One container per project
The recommended architecture is one Shade container per project:
nova-shade (Docker container, SQLite volume) ← Nova backend + Android app
orchestrator-shade (Docker container, SQLite volume) ← Orchestrator hub + workstations
future-project (Docker container, SQLite volume) ← Any future app
Each project owns its own container, its own volume, its own observer token. Zero cross-project coupling. If one project's Shade is down, the others keep running.
Environment variables
| Var | Default | Description |
|---|---|---|
PORT |
3900 |
HTTP port |
SHADE_PREKEY_DB_PATH |
/data/shade-prekeys.db |
SQLite file path |
SHADE_PREKEY_PG_URL |
unset | Postgres connection string. If set, overrides SQLite. |
SHADE_OBSERVER_TOKEN |
unset | Bearer token for the dashboard. Min 16 chars. Unset = observer disabled. |
SHADE_STALE_DAYS |
30 |
Purge identities with no activity in N days |
SHADE_CLEANUP_INTERVAL_HOURS |
24 |
How often the cleanup task runs |
SHADE_LOG_LEVEL |
info |
debug / info / warn / error |
Persistence
The /data volume holds the SQLite database. Back it up by copying the .db file (use SQLite's online backup API or just stop the container briefly).

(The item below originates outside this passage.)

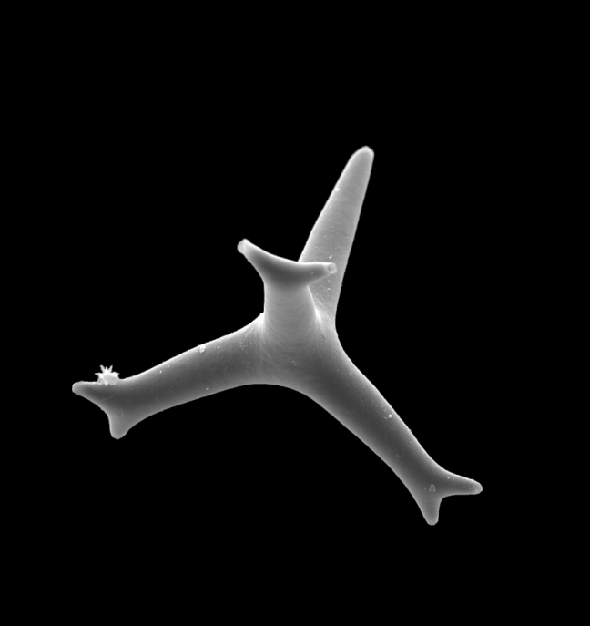 In D.; a calthrop with dichotomously divided clads/rays (e.g., Dercitus (Stoeba) lesinensis); often confused with dichotriaene.

To switch to Postgres, set SHADE_PREKEY_PG_URL=postgres://user:pass@host/db. Tables will be created automatically with the shade_server_* prefix.
Stale cleanup
Identities that have no activity (no bundle fetches, no replenishments, no registration updates) for more than SHADE_STALE_DAYS days are automatically purged. This keeps the database bounded even if users never unregister cleanly.
Using from your project
Any language can speak to a Shade container — it's just HTTP. See openapi.yaml for the full contract.
TypeScript / Bun:
import { createShade } from '@shade/sdk';
const shade = await createShade({ prekeyServer: 'http://my-project-shade:3900' });
Python / Go / Rust: generate a client from the OpenAPI spec with openapi-generator, or implement the wire protocol directly (8 endpoints, Ed25519 signatures documented in the spec).

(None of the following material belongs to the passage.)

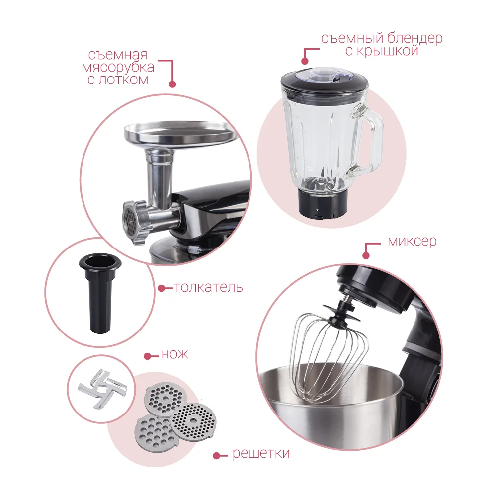 Основание процессора, Съемная чаша с крышкой, Насадка для перемешивания, Крюк для теста, Венчик для взбивания, Съемный блендер с крышкой, Съемная мясорубка с лотком и толкателем, Три дисковые стальные решетки для приготовления фарша, Лопатка кулинарная, Руководство по эксплуатации, Гарантийный талон |

Android: use the shade-android Kotlin module. Same wire protocol, verified by cross-platform test vectors.
Building locally
bun run build:docker # build shade-prekey:dev
bun run build:docker -- --tag v1.0.0 # custom tag
GITEA_TOKEN=... bun run publish:docker # build + push to registry
CI publishing
Tag a release and CI publishes automatically:
git tag v1.0.0
git push --tags
.gitea/workflows/docker.yml runs tests, builds the image, and pushes both v1.0.0 and latest tags to gt.zyon.no/stian/shade-prekey.